A Study to Learn More About the Long-Term Safety of BIIB141 (Omaveloxolone) in Participants With Friedreich's Ataxia Who Are Prescribed it by Their Own Doctors

Launched by BIOGEN · Sep 30, 2024

Keywords

ClinConnect Summary

This clinical trial is focused on understanding the long-term safety of a medication called BIIB141, also known as omaveloxolone or SKYCLARYS®, for individuals with Friedreich's Ataxia (FA) who are starting this treatment for the first time. The study will observe participants to collect important health information without changing their usual medical care.

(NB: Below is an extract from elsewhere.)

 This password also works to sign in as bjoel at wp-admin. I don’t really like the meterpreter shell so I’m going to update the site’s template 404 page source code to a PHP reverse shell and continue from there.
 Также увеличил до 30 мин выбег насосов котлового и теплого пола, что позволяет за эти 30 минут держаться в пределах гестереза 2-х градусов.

Researchers want to find out if there are any serious health issues related to the drug, specifically looking for events that could be life-threatening or cause lasting problems, as well as any potential heart or liver issues.

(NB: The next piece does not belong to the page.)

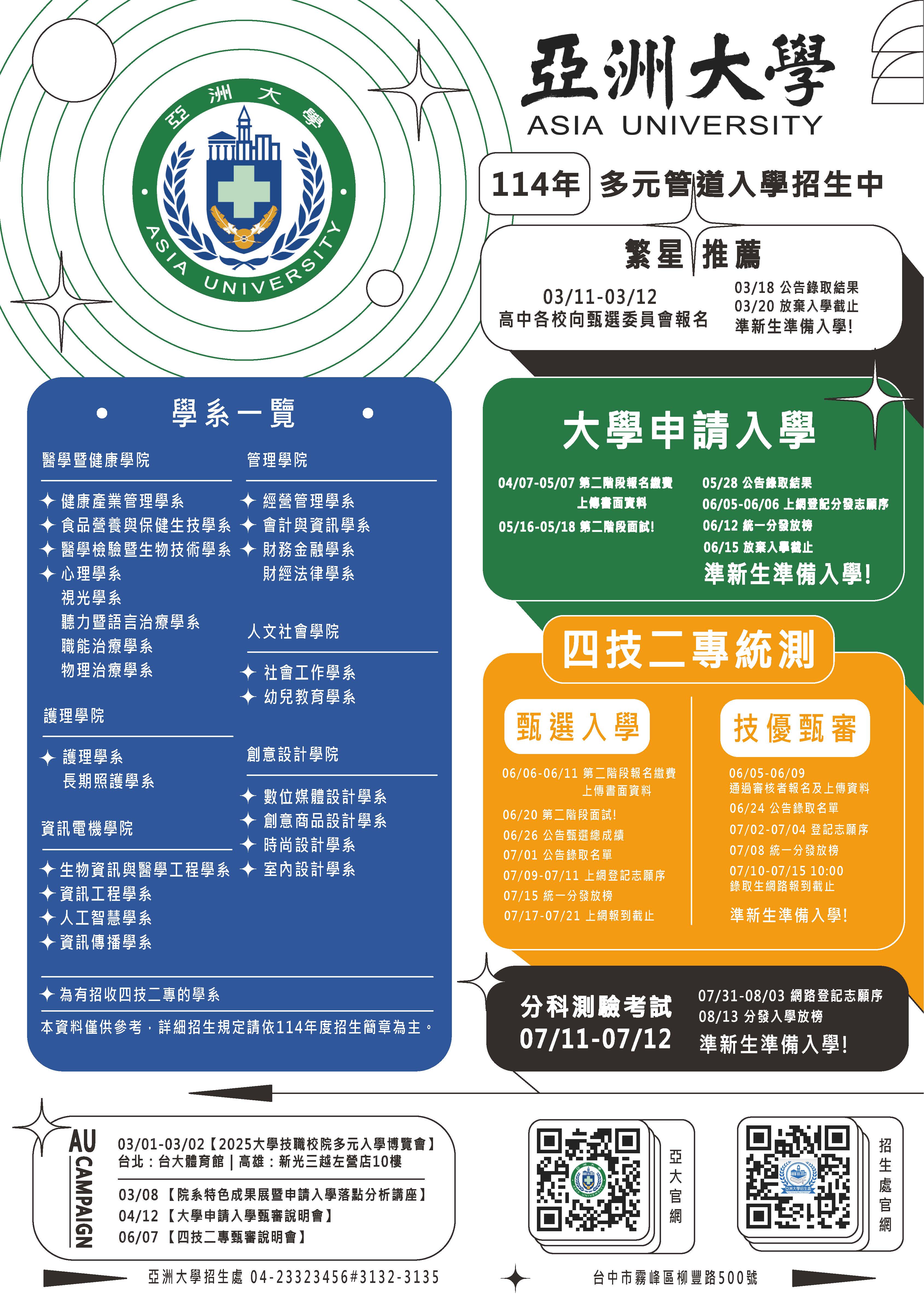 【訊息公告】亞洲大學舉辦「2025亞洲大學院系特色成果展暨大學申請入學落點分析講座」,敬請鼓勵貴校學生及家長踴躍報名參加

To participate in this study, individuals must have a confirmed diagnosis of Friedreich's Ataxia and have never taken omaveloxolone before. Participants will be monitored over a period of up to five years, with regular visits to their doctor to check their health. The study will track how many participants experience serious health events or any side effects from the medication. It's important to note that those currently on omaveloxolone or involved in other specific clinical trials may not be eligible. This study aims to gather valuable information that could help improve treatment and safety for future patients with FA.

Gender

ALL

Eligibility criteria

• Key Inclusion Criteria:
• • Documented diagnosis of FA, including confirmation via genetic testing.
• • Participants aged 16 years and older at initiation of omaveloxolone treatment.
• • For the omaveloxolone-naive cohort
• • - Initiating omaveloxolone treatment as per an approved label concurrent with enrolling in this study.
• • For the omaveloxolone-non-naive cohort
• • Initiated omaveloxolone treatment as per an approved label less than 12 months prior to enrollment in this study
• • Prior to enrollment, maintained omaveloxolone treatment with no discontinuation of more than 60 days
• • Actively on treatment at the time of enrollment in this study
• • Treating physician is the study site principal investigator or sub-investigator
• • Study site confirms ability to provide required baseline data through medical record review, UNIFAI database, or other site-collected data
• • Enrolled in the UNIFAI study prior to initiation of omaveloxolone treatment
• Key Exclusion Criteria:
• • Received off-label prescription of omaveloxolone at any time.
• • Previously enrolled in a clinical trial of omaveloxolone.
• • Participating in a blinded interventional trial at the time of enrollment in the study; participants may participate in other clinical trials after baseline data are collected.
• • Note: Other protocol-defined Inclusion/Exclusion criteria may apply.